Electrostatic Solver with Capacitance Matrices

The Electrostatic Solver has been enhanced to increase its accuracy and expand its potential applications.

Improvements within the calculation engine include the following capabilities:

Consider dielectric materials while computing fields.
Compute charge. Charge is used in capacitance calculations so self- and mutual- capacitance are available in the Spice and Maxwell formulations.
Handle variable cell sizes in the grid.

The Electrostatic Solver utilizes the XF user interface (UI). New UI features provide users with the following abilities:

Apply a voltage to individual parts or an assembly. A single part with multiple, unconnected bodies can have the same potential.
View volumetric results for voltage or electric field.

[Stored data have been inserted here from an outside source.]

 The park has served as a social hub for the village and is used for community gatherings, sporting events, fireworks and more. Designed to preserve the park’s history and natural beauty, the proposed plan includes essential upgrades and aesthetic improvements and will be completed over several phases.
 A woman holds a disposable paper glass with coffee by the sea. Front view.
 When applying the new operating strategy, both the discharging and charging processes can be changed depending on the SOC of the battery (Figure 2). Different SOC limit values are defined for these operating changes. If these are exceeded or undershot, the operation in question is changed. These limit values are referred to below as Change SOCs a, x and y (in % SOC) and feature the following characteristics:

The Electrostatic Solver is available as a stand-alone product or as an XF add-on.

Time Dependent Material

This new material type allows XF users to specify a material's permittivity and conductivity as a function of time. The inputs can be specified as a constant value, loaded from a file, or entered as an equation. As the timestepping stage of a simulation proceeds through time, the material properties are modified accordingly.

Softkill Termination for Timestepping

An FDTD simulation proceeds through the following stages: initialization, timestepping, steady-state post-processing, and writing output. The softkill feature allows users to terminate the timestepping stage of a simulation and proceed to steady-state post-processing.

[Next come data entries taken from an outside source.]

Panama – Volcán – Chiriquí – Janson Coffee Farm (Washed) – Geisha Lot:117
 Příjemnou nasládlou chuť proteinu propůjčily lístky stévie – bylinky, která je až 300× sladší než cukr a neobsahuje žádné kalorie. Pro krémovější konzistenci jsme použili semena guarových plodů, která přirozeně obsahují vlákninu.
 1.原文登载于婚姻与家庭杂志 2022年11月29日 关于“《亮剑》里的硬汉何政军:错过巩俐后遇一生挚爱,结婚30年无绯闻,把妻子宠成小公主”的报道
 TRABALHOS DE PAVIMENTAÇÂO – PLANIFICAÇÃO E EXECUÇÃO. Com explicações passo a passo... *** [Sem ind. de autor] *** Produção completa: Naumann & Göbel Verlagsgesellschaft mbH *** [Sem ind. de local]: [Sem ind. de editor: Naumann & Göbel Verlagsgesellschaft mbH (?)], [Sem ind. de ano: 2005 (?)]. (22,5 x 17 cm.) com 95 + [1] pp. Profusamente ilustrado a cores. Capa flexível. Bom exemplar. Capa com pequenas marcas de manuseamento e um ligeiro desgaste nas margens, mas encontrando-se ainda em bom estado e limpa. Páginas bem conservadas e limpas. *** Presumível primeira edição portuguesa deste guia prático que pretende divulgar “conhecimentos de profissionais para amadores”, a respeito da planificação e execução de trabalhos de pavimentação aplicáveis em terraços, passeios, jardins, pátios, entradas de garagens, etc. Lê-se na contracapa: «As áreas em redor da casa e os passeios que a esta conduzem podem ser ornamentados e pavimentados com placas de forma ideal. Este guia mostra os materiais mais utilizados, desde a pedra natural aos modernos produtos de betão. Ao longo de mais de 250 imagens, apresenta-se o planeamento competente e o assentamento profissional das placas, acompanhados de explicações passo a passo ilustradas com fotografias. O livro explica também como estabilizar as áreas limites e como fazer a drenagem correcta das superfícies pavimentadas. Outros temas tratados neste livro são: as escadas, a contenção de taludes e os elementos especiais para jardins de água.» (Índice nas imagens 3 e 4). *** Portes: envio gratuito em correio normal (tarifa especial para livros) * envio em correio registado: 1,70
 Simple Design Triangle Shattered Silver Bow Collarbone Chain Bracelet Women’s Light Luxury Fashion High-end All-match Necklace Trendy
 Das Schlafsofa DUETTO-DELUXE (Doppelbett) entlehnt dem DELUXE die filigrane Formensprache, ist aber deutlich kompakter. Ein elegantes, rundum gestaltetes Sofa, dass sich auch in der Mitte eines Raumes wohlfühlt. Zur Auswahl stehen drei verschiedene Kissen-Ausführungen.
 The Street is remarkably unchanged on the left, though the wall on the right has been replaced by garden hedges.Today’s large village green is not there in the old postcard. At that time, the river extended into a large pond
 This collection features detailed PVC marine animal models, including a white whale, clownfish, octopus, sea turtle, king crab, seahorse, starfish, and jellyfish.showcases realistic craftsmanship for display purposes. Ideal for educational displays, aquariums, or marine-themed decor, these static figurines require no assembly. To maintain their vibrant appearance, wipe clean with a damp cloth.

Through the UI, users can terminate timestepping by right-clicking on the simulation in the Simulations window and choosing Stop. Alternatively, create a file named project.softkill in the *.xf/Simulations/### directory to kill a simulation, or create the file in .../Simulations/###/Run### to kill the run, but continue the simulation.

Three-Pole Debye-Drude Material on XStream

The graphics processing unit (GPU) kernel has been updated to support dispersive three-pole Debye-Drude material equations rather than supporting only the single-pole representation. This update allows simulations containing the three-pole Debye-Drude material type to utilize the speedups from the GPU hardware. Users can specify the number of GPUs to utilize through the queue drop-down menu in the simulations window as with non-dispersive materials.

Additional Capabilities

This version introduced over 40 usability, performance, scripting, and other updates.

Here is a select list of modifications:

Changed the modulation interference factor in the HAC sensor settings from linear scalar units to dB.
Added create project archive option to the file menu, enabling users to package a project for either archiving or sending to Remcom Technical Support.
Clarified the import and export buttons in the ODB++ import dialog.
Changed the default view for steady-state far zone results to vector magnitude with RMS, and included vector magnitude with phase as an option available for selection.
Removed vector magnitude and complex phase results reported in the results browser, typically via the ResultQuery scripting API.
Dispersive electric materials, including Debye-Drude and Lorentz, can neighbor or overlap parts that are meshed with XACT. However, parts with dispersive material assignments cannot mesh with XACT themselves.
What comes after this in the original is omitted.